Незадолго до его отъезда отправился я в университет Шанявского на Миусскую площадь. Там я записался на лекции юридического факультета. Мне очень понравилось в коридорах здания, показались необыкновенно уютными диванчики в углублениях за колоннами в холле второго этажа. Там свисали с потолка лампы в кубических матовых фонарях. С одной из лестниц в длинное окно увидел я Миусскую площадь — унылую, осеннюю, брандмауэры домов, закат за домами. Рамка придавала этому виду особую выразительность, примирившую меня с его московской окраской. В другое окно (кажется, из холла второго этажа) виднелся второй корпус университета, или второе его крыло. Я вглядывался в огни этого корпуса с особым уважением: говорили, что там работает профессор Бахметьев, болгарин. О его опытах по анабиозу рассказывали чудеса. Увидел я библиотеку, лекционные залы. Одна аудитория была очень велика — круто падающим амфитеатром напоминала она мне большой зал Политехнического музея. Но была она парадна, нова. Стиль модерн, в котором был выстроен университет Шанявского, очень нравился мне. И был?то он выстроен недавно, году в 10–м, вероятно. В канцелярии были вежливы, но я чувствовал, что не нравился строгим девицам, записывающим меня, как не нравился Вейсману, Грауэрману, Сатиным, Москве вообще. Мы отправились с папой искать комнату и нашли ее на 1–й Брестской у площади Брестского вокзала, он же Александровский, ныне Белорусский. Прежняя наша комната на Владимиро — Долгоруковской была для одного меня велика. Новая комната оказалась длинной, кишкообразной, хоть и чистой. В углу у окна стоял дамский письменный столик с затейливым стеклянным шкафчиком модерн.

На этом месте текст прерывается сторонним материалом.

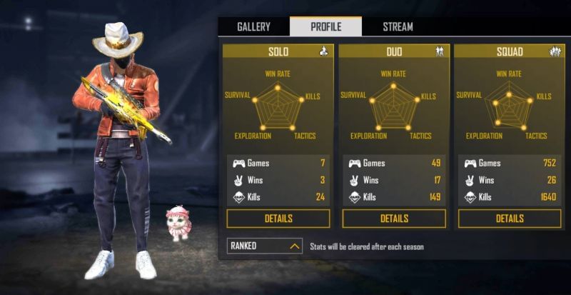 The YouTuber has also played 49 duo games and triumphed on 17 occasions, which returns a win rate of 34.69%. He has killed 149 foes and maintained an excellent K/D ratio of 4.66.

Крошечный столик с маленьким шкафчиком со стеклянной дверцей, поделенной на четырехугольнички. Лампочка в виде декадентски вытянутой бронзовой девушки. Собрание сочинений Уайльда в издании Маркса и Куприн в том же издании. Тетрадки. Полоски бумаги со стихами и тоска, тоска, одиночество, одиночество. Сколько часов просидел у этого столика, в тысячный раз перечитывая Куприна и Уайльда, которых купил у букиниста, или сочиняя отчаянные письма Милочке, или стихи и даже рассказы. Любил я Уайльда и Куприна? Не знаю. Но они подвернулись мне и не беспокоили меня в моей знаниефобии. Занятия в университете Шанявского шли вечерами. И я убедился в ужасе, что не могу слушать профессоров — и каких! Мануйлов, читающий политическую экономию, Кизеветтер, о котором говорили, что он второй оратор Москвы (первым считали Маклакова[35] ), Хвостов, Юлий Айхенвальд (критик) и многие другие внушали мне только тоску и ужас, и я не в силах был поверить, что их дисциплины (тут я впервые услышал это слово) имеют ко мне какое?то отношение. В тайниках души я был уверен, что они ничего не стоят со своими дисциплинами. Помню, как, глядя на синеватый нос профессора Хвостова и на его сердитые глаза, я думал о том, каков он дома, и вспоминал, что курсистки кричали ему: «Свинство, свинство» — за то, что он сорвал им какую?то забастовку. Не признал ее. Я помню его лицо, бороду, глаза, даже отдельные фразы (он сравнивал людей, разговаривающих ради процесса разговора, с галками, кричащими вечером в московских садах). Все это я помню, а что он читал, не помню. Как будто общую теорию права? Я не имел ни малейшей склонности к юридическим наукам и чем ближе их узнавал, тем более ненавидел. Папа уехал. Я проснулся утром в своей комнате с чувством свободы. Я сам себе хозяин! Сделав гимнастику, я вышел.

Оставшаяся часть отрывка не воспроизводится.